NEW YORK (PNN) - May 16, 2019 - The College Board is going to assign a secret “adversity score” to students who take the SAT in an apparent attempt to help colleges get around a potential Supreme Court ruling on race-based admissions.
The score will be assigned to every single student who takes the test, but students will not know what the score is, and the College Board is not disclosing how the score is determined.
Colleges will see the 1-100 score, called the “Overall Disadvantage Level” when they view a student’s test results. Anything over 50 designates hardship.
The move is an attempt to do away with differences in test scores that result from disparities in wealth and education and preempts a ruling from the Supreme Court on race-based affirmative action. Several college admissions officers told The Wall Street Journal the tool would be especially useful if the Supreme Court bans race-based admissions.
“The purpose is to get to race without using race,” said Anthony Carnevale, former employee of the College Board and director of Georgetown University’s Center on Education and the Workforce.
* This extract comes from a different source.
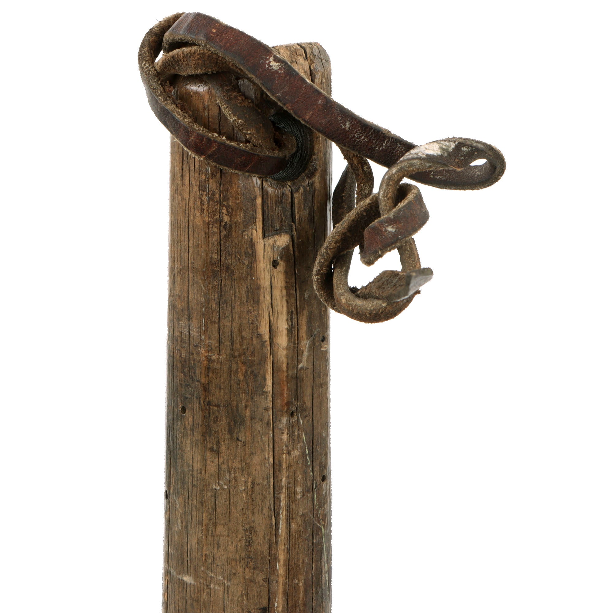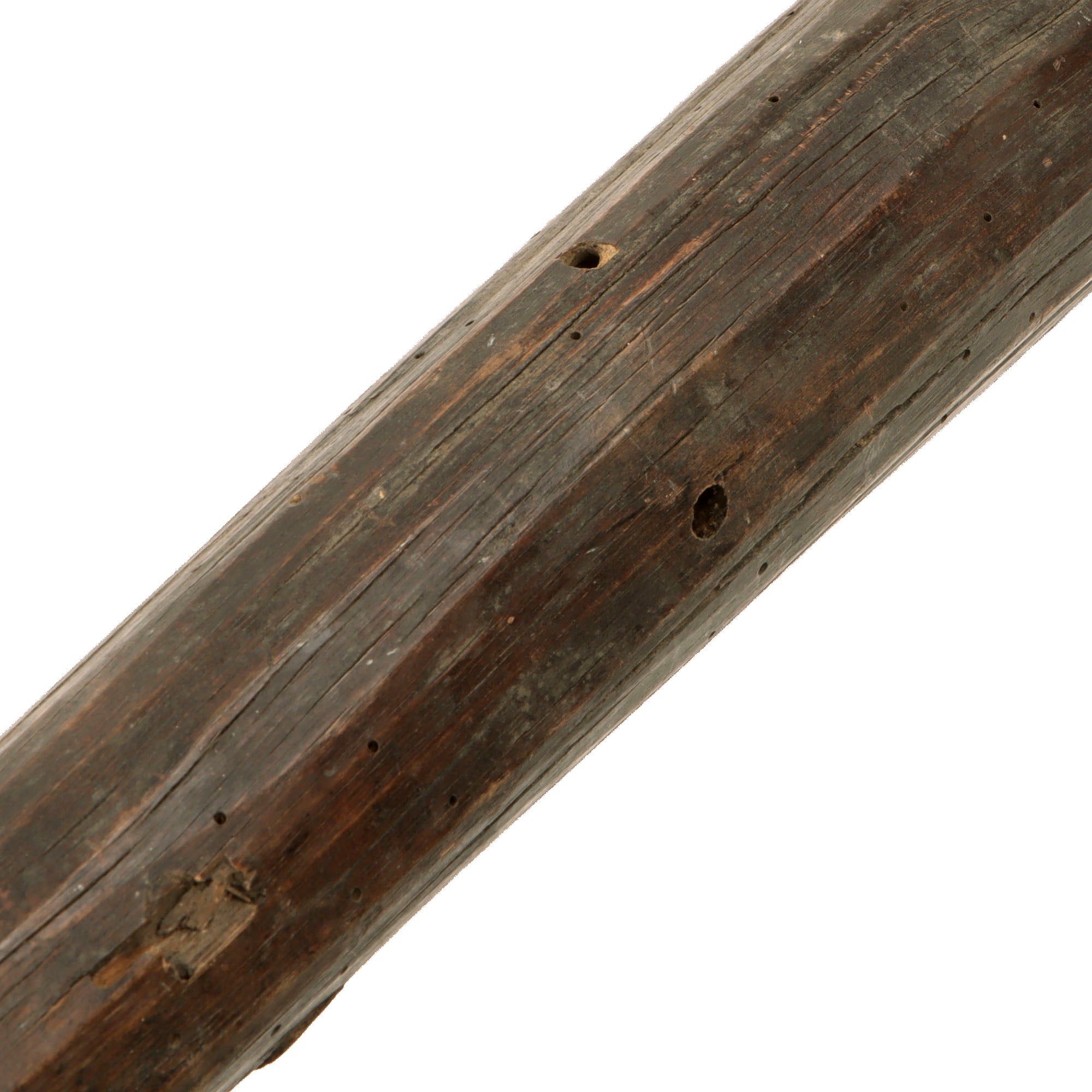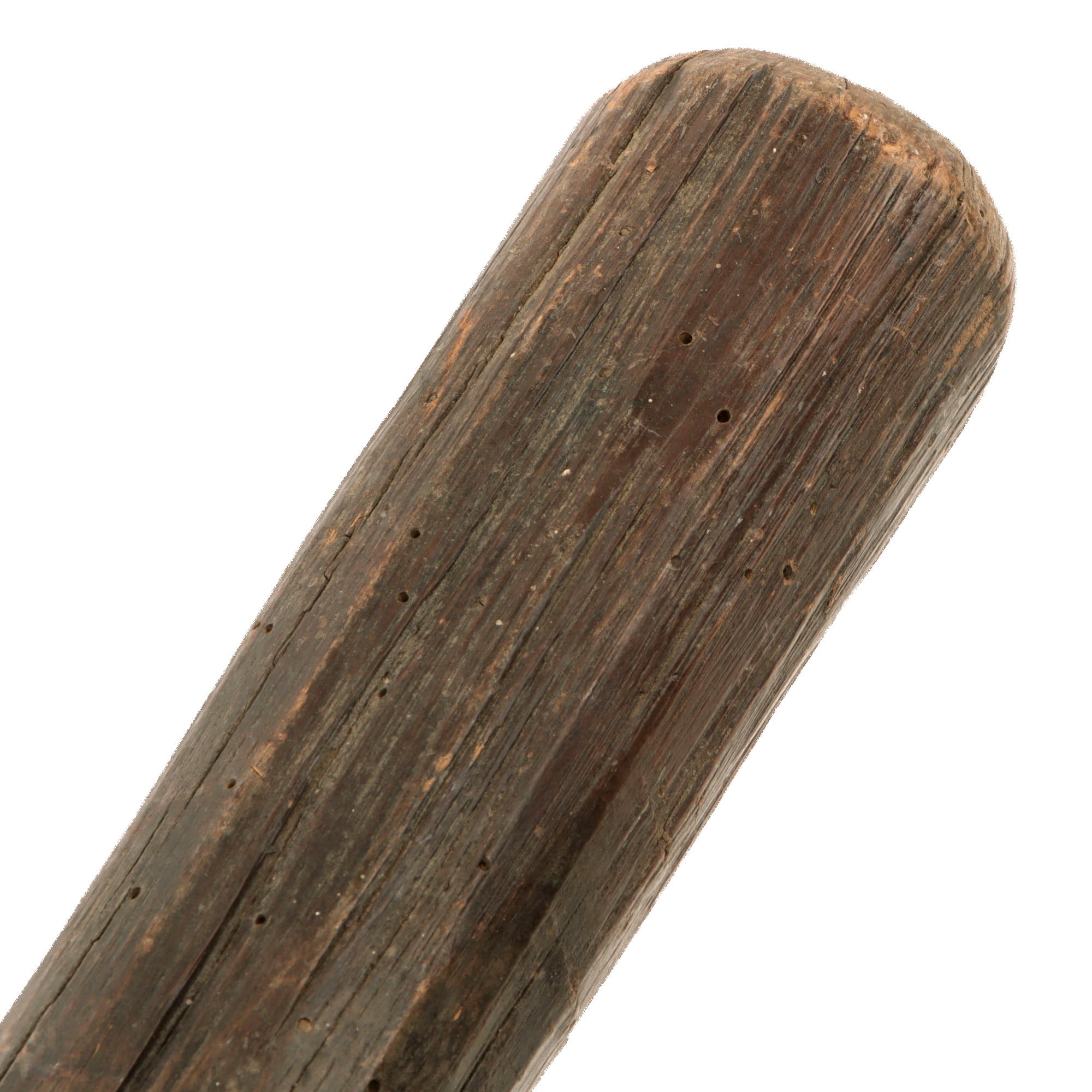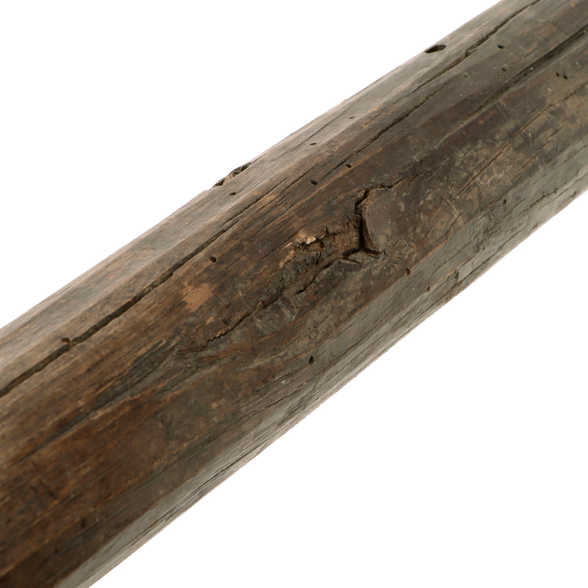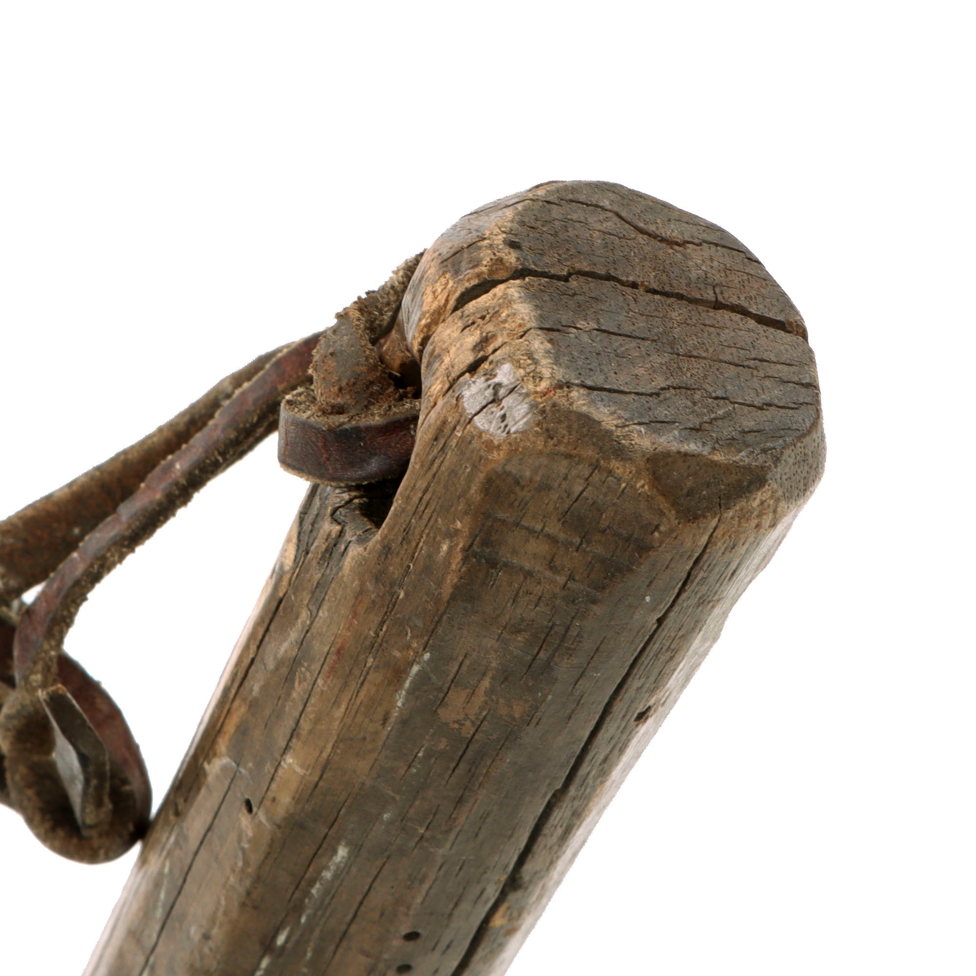 This is a fantastic documented example of a very crude but effective all-wooden trench club, which we believe to be of either German or British origin. There is very heavy woodworn damage across the club as shown with heavy cracking in some spots. The portion of the leather wrist strap remaining shows good patina, and this certainly is a throwback to our Neanderthal past as Machnicki mentions.

A group representing Asian American students has filed a lawsuit against Harvard University claiming admissions officers discriminate against them by penalizing them as a group for high test scores in order to get a more diverse student body.
The College Board would not say how it makes the score or weighs the 15 factors considered, which include poverty levels based on a student’s address and the crime rate in his or her neighborhood. The score will be based on public records, including the Census, and other sources “proprietary” to the College Board. It does not include race.
The Amerikan College Testing (ACT) plans to announce a similar score later this year.
“If I am going to make room for more of the [poor and minority] students we want to admit and I have a finite number of spaces, then someone has to suffer and that will be privileged kids on the bubble,” said John Barnhill, assistant vice president for academic affairs at Florida State University.
FSU was part of a beta test of the score last year, and Barnhill said the score resulted in a 5% rise in nonwhite enrollment.